President Obama will make economic inequality a central theme of his State of the Union address on Tuesday, according to reports, highlighting the issue's emergence as a key political issue.
Less clear is whether economics itself has much to offer in ensuring that the gains of economic growth are distributed equitably. As Harvard Business Review executive editor Justin Fox recently wrote:
I think we’re eventually going to have to figure out what if anything to do about exploding high-end incomes without clear guidance from the economists. This is a discussion where political and moral considerations may end up predominating. And as Harvard’s Greg Mankiw made clear in his maddeningly inconclusive Journal of Economic Perspectives essay on inequality last summer, these are areas in which economists possess no comparative advantage.
That is, economics can be helpful in characterizing the degree of inequality that exists, and it can help to explain why income is distributed so unequally. But economics tells us nothing at all about what the distribution of income should be. That is a political and moral question that is best left to others to decide.
Economists are split on why inequality has been rising, with the dividing line mainly between those who believe technology and globalization are the key factors that account for the rise in incomes at the very top, and others citing factors such as the decline in unionization and the decline in tax rates at the top as the wealthy have captured the political process and successfully eroded union support, lowered their tax burdens and so on.
Where economists have done a bit better is in characterizing the degree of inequality, but even here there is some disagreement. Should we look at pre- or post-tax incomes? Should we include programs such as unemployment compensation as part of income? Should we focus on income or consumption? What time period should we consider in measuring inequality? And in making such measurements, should we look at the nation as a whole, at individual states, or some other geographic or demographic breakdown?
There are two common two common ways of measuring the degree of inequality. One is to build graphs showing how the share of the nation's income has changed over time for particular income groups. The second is to calculate what is known is the Gini coefficient.
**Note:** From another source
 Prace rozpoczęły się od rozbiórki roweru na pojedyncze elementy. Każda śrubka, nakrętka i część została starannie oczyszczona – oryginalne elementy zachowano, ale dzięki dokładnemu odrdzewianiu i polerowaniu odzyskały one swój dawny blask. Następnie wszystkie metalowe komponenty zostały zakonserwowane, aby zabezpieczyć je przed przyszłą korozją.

For example, here is a graph from economists Thomas Piketty and Emmanuel Saez documenting how the share of income for the top 10 percent of income earners has changed between 1917 and 2012 (the last year for which data are available):
Note, however, that most of the change is due to the incomes not of the top 1 percent, but rather of the top 0.1 percent. Again, from Piketty and Saez:
This is a useful approach that gives considerable detail on how income shares have changed over time for different income groups in the economy. However, it's also useful to arrive at a single number that characterizes the degree of inequality, and for that the most common measure is the Gini coefficient.
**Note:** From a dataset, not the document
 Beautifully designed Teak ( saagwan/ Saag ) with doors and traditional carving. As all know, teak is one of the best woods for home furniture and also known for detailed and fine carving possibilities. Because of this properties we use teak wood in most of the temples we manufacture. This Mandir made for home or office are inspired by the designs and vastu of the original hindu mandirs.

The Gini coefficient varies between zero and one. A value of zero indicates that everyone has exactly the same income -- there is no inequality at all. By contrast, a value of one represents maximal inequality -- one person gets all the income and everyone else gets nothing. More generally, values between zero and one indicate the degree to which the income distribution deviates from a perfectly equal distribution, with the distribution becoming more and more unequal as the Gini coefficient approaches one.
In the U.S. the Gini coefficient has been rising steadily since the late 1960s:
The Gini for the U.S. is also higher than in many other countries. For example, this analysis from the Pew Research Center shows that “the U.S. has one of the most unequal income distributions in the developed world, according to data from the Organization for Economic Cooperation and Development — even after taxes and social-welfare policies are taken into account.”
The Gini coefficient has many advantages. It is easy to calculate, allows changes in inequality to be tracked over time, and enables cross-region and cross-country comparisons.
But the Gini coefficient is not a perfect measure of inequality. For example, since the Gini coefficient is based upon relative rather than absolute measures of income, two countries with vastly different per capita incomes can have identical Gini coefficients. So the Gini does not tell us about living standards.
In addition, even when the total income and population of two countries are identical, the same Gini coefficient can arise from very different income distributions. To illustrate this, if the lower half of the income distribution has no income at all, and income is equally distributed across the upper half of the population, the Gini coefficient will be 0.5. But it will also be 0.5 if the lowest three-quarters of the population receives a quarter of total income, and the upper quarter of the income distribution receives three-quarters of the country’s total income.
Thus, economies with total income and Gini coefficients that are very similar can have very different distributions of income.
Despite these problems with the Gini coefficient, it is a useful and popular measure that summarizes the degree of income inequality with a single number. But it is best used in conjunction with other approaches such as the graphical technique outlined above that give more detailed information on how the distribution of income among various groups is changing over time.
For example, the Gini for the U.S. tells us that inequality has been rising over the last several decades, and the graphical approach that looks at various slices of the income distribution over time allows us to determine that the change in inequality is mainly due to changes in income for the richest 0.1 percent of Americans. That’s valuable information for anyone trying to understand and address the growing inequality problem.